If it’s not digital, does it exist?
- “If it isn’t digital, it either doesn’t exist or it doesn’t matter.”
- “The day is coming when all of our fixed visual resources are going to be available digitally. And if they’re not, they don’t count. They don’t count.”
Digitizing all photographs
It is possible to digitize all photographs since there is a finite set of photos from the last 150 years.
- “And now we can—you can’t not get up in front of people and say, well, in a decade maybe all the photographs are going to be done. They’re easy to do, they’re fun, everybody wants photographs, there’s a finite set—yeah, there’s lots of photographs, but the photographic era is over. Kodak isn’t producing film anymore, nobody’s buying film cameras. We effectively have a 150-year period in which the concept of still photography exists. Why not to say, let’s digitize everything. Like Google did every book. Just do it all.”
The marginalization of smaller organizations
Libraries can collaborate with smaller organizations, e.g. historical societies, to digitize and preserve their materials and thereby broaden their reach.
- “I worry about marginalization of the smaller organizations that want to be and are online but are highly selective. They’ve—they’ve got 27 things on their website. And there’s lots of other good stuff.”
- “Every—every one of these organizations either was founded or continues to exist because its collections resonate with someone. And there’s always something interesting and good in every one of these—they’re all valuable.”
- “That’s why I’m a proponent of large-scale digitization as an antidote to historical skewing.”
- “The more that we can do this collaboratively, the more that we can—push the costs down and do—and be realistic about the quality requirements, the more we can get done.
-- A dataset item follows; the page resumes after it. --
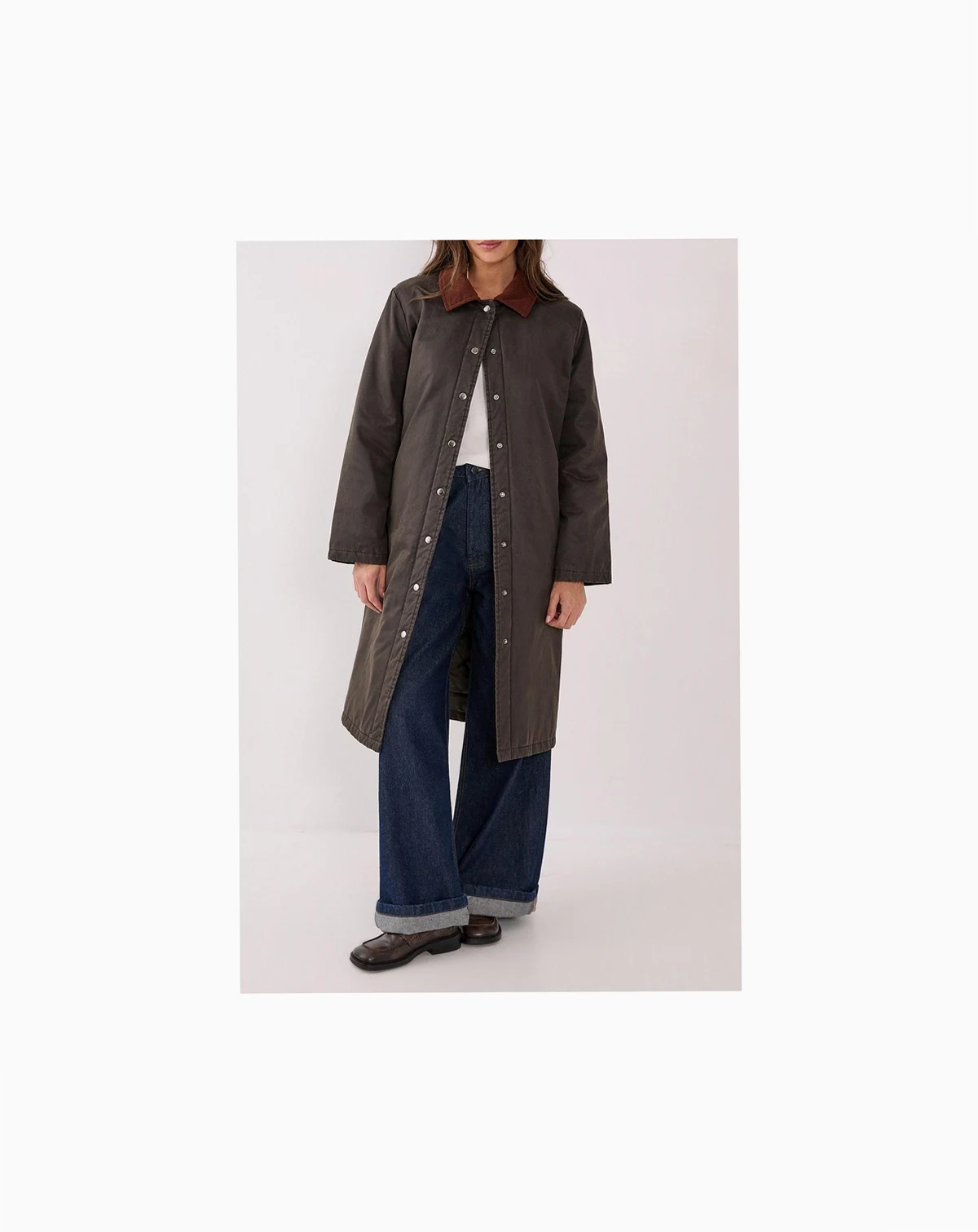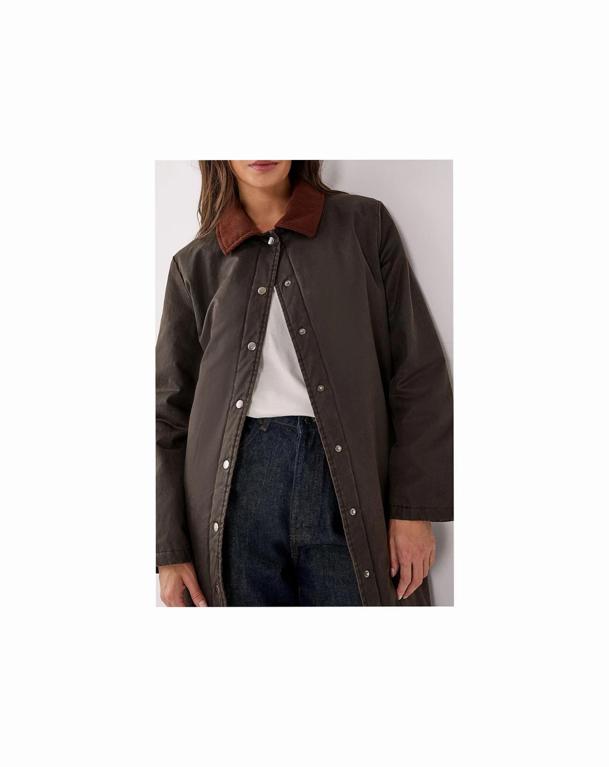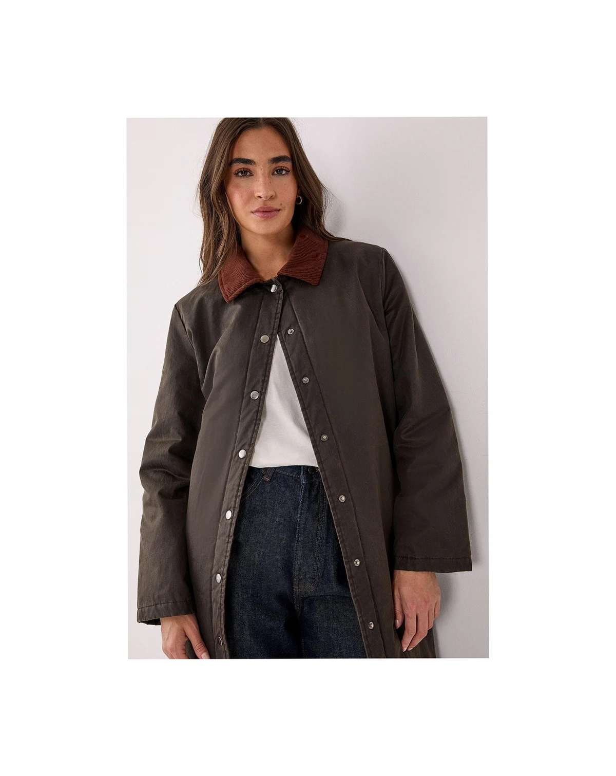 Make a statement in this distinctive longline coat featuring a wax effect finish that combines practicality with style. The contrasting cord collar adds a touch of countryside charm to this city essential. Perfect for unpredictable weather, this coat offers both protection and style in equal measure. Layer over wide-leg jeans and a simple white tee for an effortlessly cool weekend look, or pair with a jumper dress and chunky boots when temperatures drop.

And the more we can get done, the broader the reach. We can reach into the smaller organizations. We can reach deeper into collections that aren’t considered treasures, they’re just considered good stuff.”
Historical and cultural skewing due to digitization
What happens when a young person’s knowledge is based only on what he or she can find online? Their view of the world will be defined by what they find online.
- “And then there’s the skewing of our view of what history is all about. If the histories get written, if my high school son is going to write a history paper and it’s only stuff that he can find online, if a doctoral student is going to choose a dissertation topic because he or she has found an invaluable resource of newly digitized records and it makes it possible to do this dissertation without spending 18 months in Tanzania, okay. So then that collection is going to define Tanzania. That dissertation, that book, those articles.”
- “I worry about our grandchildren coming up with their high school textbooks, their view of the world, which is going to be written by people who write digitally.”
- “Documentary films are being made because the material can be made available digitally. Music videos, the online environment and then formal histories, English literature, on and on.”
- “So I, at the meta-level, I’m very worried about a kind of cultural skewing that is almost inexorably driven by digitization.”
- “That’s why I’m a proponent of large-scale digitization as an antidote to historical skewing.”